DATASET EXCERPT

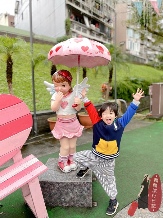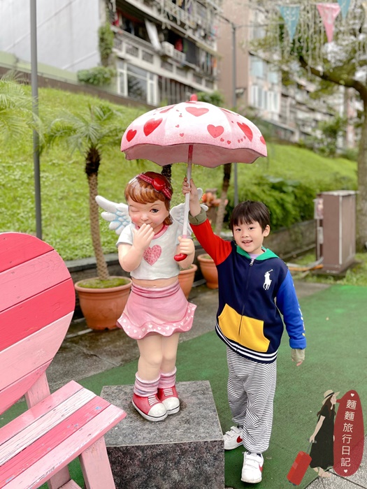 除了藝術節外,碧潭右岸原本就規劃不少裝置藝術,你們猜猜這位是…….哈哈哈是可愛的愛神喔!因為碧潭除了很適合親子行外,也有很多情侶會來這裡約會啦!
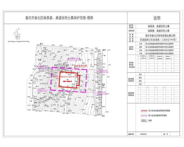 保護范圍:東以烈士紀念設施實際使用范圍外堡坎圍墻為界;南以烈士紀念設施實際使用范圍外大樹內側為界;西以烈士紀念設施實際使用范圍外堡坎內為界;北以烈士紀念設施實際使用范圍外堡坎為界。
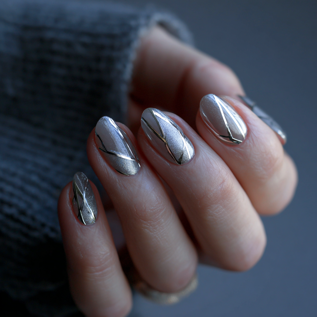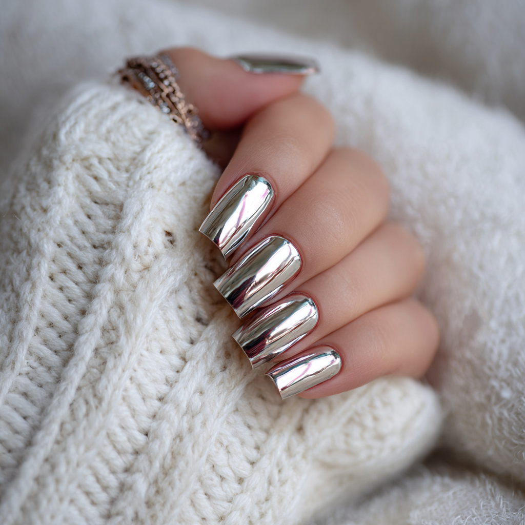 Keep most nails neutral or soft pink, and go full mirror-silver chrome on just one accent nail. It’s understated luxury at its best.
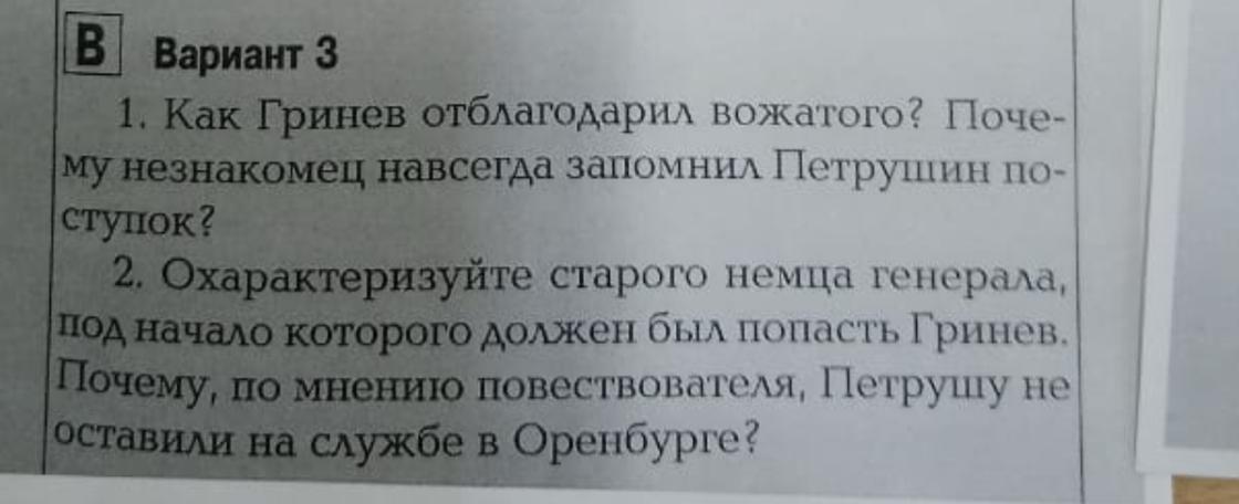 1.За то, что вожатый вывел его из снежного бурана, фактически сохранив ему этим жизнь, Гринев в благодарность дарит ему свой тулуп, потому что замечает, что провожатый легко одет для такой холодной погоды. Еще можно сказать что на фоне остальных, которые считают, что он все равно его пропьет, Гринев относится к нему с уважением, и именно поэтому потом Пугачев помогает ему позже

WORK REQUIRED
With the pictures removed, write out exactly the lines from the line containing "Keep most nails" through the last line of the material above, both included.

SOLUTION
 Keep most nails neutral or soft pink, and go full mirror-silver chrome on just one accent nail. It’s understated luxury at its best.
 1.За то, что вожатый вывел его из снежного бурана, фактически сохранив ему этим жизнь, Гринев в благодарность дарит ему свой тулуп, потому что замечает, что провожатый легко одет для такой холодной погоды. Еще можно сказать что на фоне остальных, которые считают, что он все равно его пропьет, Гринев относится к нему с уважением, и именно поэтому потом Пугачев помогает ему позже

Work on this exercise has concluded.